• **Given entries**
·····

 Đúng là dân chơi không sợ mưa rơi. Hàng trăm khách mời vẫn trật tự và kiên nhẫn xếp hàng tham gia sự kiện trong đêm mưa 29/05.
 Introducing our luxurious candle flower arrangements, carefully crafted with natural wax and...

·····

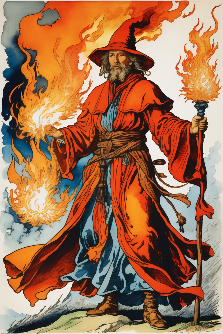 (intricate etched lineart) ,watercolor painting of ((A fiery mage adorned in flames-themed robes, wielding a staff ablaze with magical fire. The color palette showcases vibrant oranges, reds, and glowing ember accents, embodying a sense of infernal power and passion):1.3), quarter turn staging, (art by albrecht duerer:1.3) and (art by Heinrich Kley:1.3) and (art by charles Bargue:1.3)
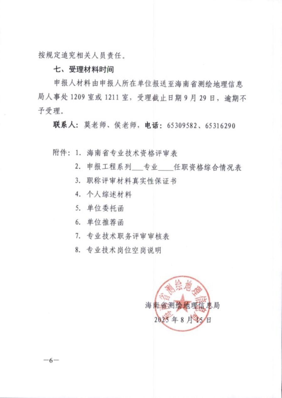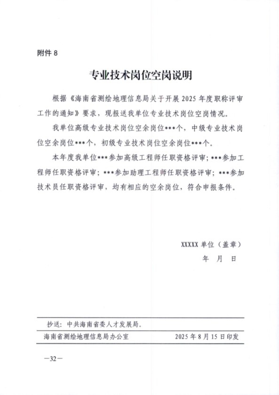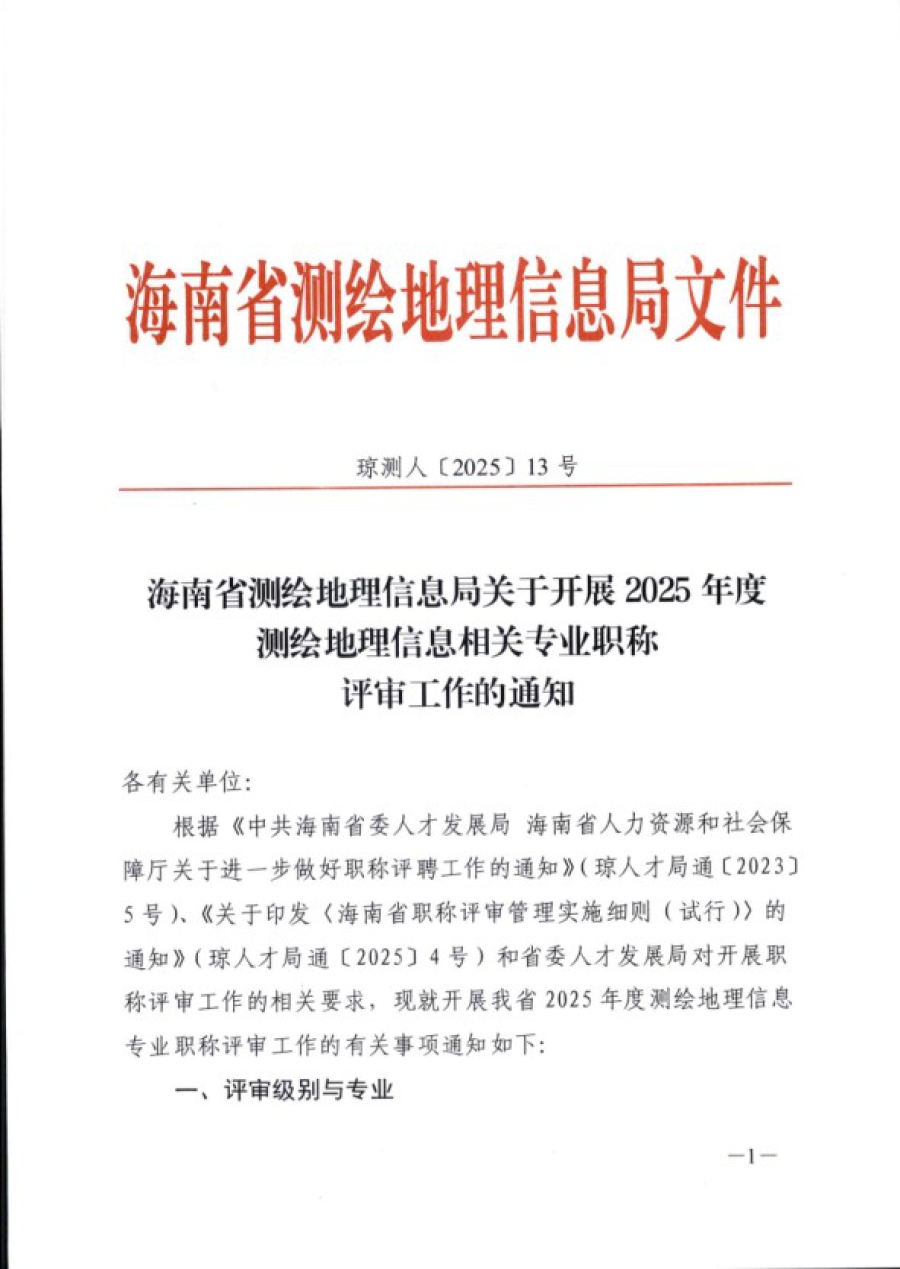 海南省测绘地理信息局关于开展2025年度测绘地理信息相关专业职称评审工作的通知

·····

• **Problem requirements**
After locating the line holding "Đúng là dân" above, output exactly that line and every line after it through the line holding "Introducing our luxurious". Include nothing else.

• **Output of the task**
 Đúng là dân chơi không sợ mưa rơi. Hàng trăm khách mời vẫn trật tự và kiên nhẫn xếp hàng tham gia sự kiện trong đêm mưa 29/05.
 Introducing our luxurious candle flower arrangements, carefully crafted with natural wax and...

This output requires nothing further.